Pour sa première visite à la Maison Blanche depuis son arrivée au pouvoir, l'ancien champion de cricket peut s'attendre à une série de demandes de la part du milliardaire républicain qui a, par le passé, accusé Islamabad de "mensonges" et de "duplicité".

L'objectif est "de pousser pour une coopération concrète du Pakistan sur le processus de paix afghan", et "d'encourager le Pakistan à accentuer ses efforts récents contre les terroristes sur son territoire", résume un responsable américain sous couvert d'anonymat.

Les Etats-Unis mettent les bouchées doubles pour arracher un accord politique avec les talibans avant l'élection présidentielle afghane, prévue fin septembre, ce qui ouvrirait la voie à un retrait des troupes américaines.

Washington et Kaboul accusent Islamabad de soutenir des groupes extrémistes armés comme le réseau Haqqani, allié des talibans, en lui fournissant des refuges dans ses régions frontalières avec l'Afghanistan.

Le Pakistan nie un tel soutien, arguant à l'inverse des énormes sacrifices humains et financiers consentis dans sa lutte contre le terrorisme.

"Ce n'est pas un secret: nous sommes préoccupés par les liens entre certains groupes (terroristes) et l'armée et les services de renseignement pakistanais", résume un responsable américain.

Du côté pakistanais, on insiste sur la nécessité d'une "relance les relations bilatérales" après des années tumultueuses.

"L'un des éléments frappants de cette rencontre Trump-Khan à venir est le décalage énorme des attentes", souligne Michael Kugelman du Wilson Center à Washington.

"Le Pakistan espère que cette rencontre permettra aux deux pays de repartir sur de bonnes bases.

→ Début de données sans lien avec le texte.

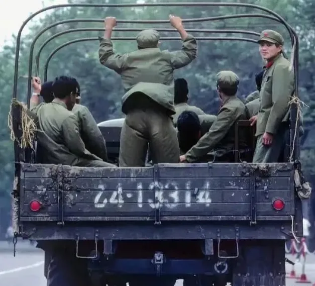 第15张:军绿色卡车拉着穿军装的人,大家的着装是 60-70 年代的军绿色。

Les Etats-Unis ont un objectif beaucoup plus précis: s'assurer d'une grande coopération du Pakistan sur le processus de paix afghan", ajoute-t-il.

Les interactions entre les deux dirigeants aux parcours atypiques seront aussi scrutées à la loupe.

Avant d'être élu, Imran Khan avait considéré la perspective d'une rencontre avec le président américain comme une "pilule amère" à avaler.